A fundamental problem in global health is the low level of aspiration among people in power, borne partly out of a misunderstanding of the causes and solutions to health care inequity. Dr. Farmer termed these chronically low aspirations  "being socialized for scarcity on behalf of others." The resolution represents Congress's most serious effort yet to address this issue.

An Aspiration for Health Equity

Over 100 million people die each decade because they lack access to basic health services—what Dr. Farmer often referred to as "stupid deaths." This resolution aims to provide an ambitious roadmap toward global health equity and universal health coverage to prevent needless deaths in the future.

In 2021, about 4.5 billion people were not fully covered by essential health services. The spending gap to achieve universal health coverage in low- and lower-middle-income countries is around $400 billion annually. With adequate funding, expanding universal health coverage to 1 billion more people could avert over 24.4 million deaths in five years. Such investments also yield significant economic gains. High-impact health interventions in low- and middle-income countries can generate up to $9 for every $1 invested.

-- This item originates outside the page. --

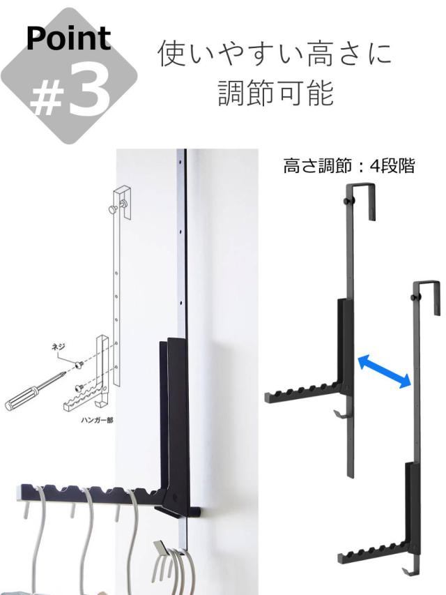 身長やドアの高さに合わせてハンガーの位置を決められる

"Many of the poorest developing countries presently lack the tax capacity to mobilize the necessary resources to close the universal health coverage financing gap," the resolution states, "meaning unnecessary deaths will continue in these settings for the foreseeable future without external donor financing or dramatic increases in domestic tax capacity."  

The Paul Farmer Memorial Resolution

To realize health for all, the resolution proposes:

  • Reforms to global cooperation by:
    • Addressing the sovereign debt crisis through initiatives to restructure and eliminate unsustainable and unjust debt burdens
    • Advancing a strong UN Tax Convention and other measures to end illicit financial flows and other forms of transnational tax abuse
    • Developing new medical technologies for diseases of poverty and ensuring their availability as global public goods
    • Supporting initiatives to advance global labor rights
    • Democratizing international financial and trade institutions
  • Reforms to global health assistance by:
    • Increasing global health funding to enable the U.S. to finally meet the decades-long global cooperation aid target of 0.7% Gross National Income
    • Focusing on strengthening public national health systems, especially via multilateral institutions

A Financing Solution

The resolution calls for both increased global health funding and global economic reforms to achieve these objectives. Contrary to popular belief, and especially now, following severe funding cuts under the current administration, the U.S. has room to significantly expand development spending.

As the resolution states, "Relative to the size of the United States economy, the United States' official overseas development spending is low at 0.17 percent of gross national income in 2020, placing the United States 24th out of the 29 country members of the Organization for Economic Cooperation and Development's Development Assistance Committee.”

For those concerned that foreign aid constitutes wasteful spending, the resolution emphasizes that reform, not retreat, is the solution. Global health spending should strengthen public institutions in alignment with national health plans, not funnel money to private contractors. Funding should prioritize historically neglected areas such as hospital and clinic construction, new medical and nursing schools, clinician salaries, and research and development of medical technologies for diseases of poverty.

Why Aid is Our Responsibility  

In the current global economic architecture, poor countries effectively develop rich countries, rather than the other way around. Research estimates that upwards of $2 trillion more flows out of poor countries than into them each year—more than ten times the entire global aid budget.

If the goal is to help poor countries build strong health systems, development efforts must also end the economic harms that prevent low-income countries from mobilizing their own resources for health spending in the first place.  

The resolution lays out a variety of policy areas where the U.S. can use its legal and diplomatic power to make the global economy more fair, just, and democratic—a powerful and fitting legacy for Dr. Farmer.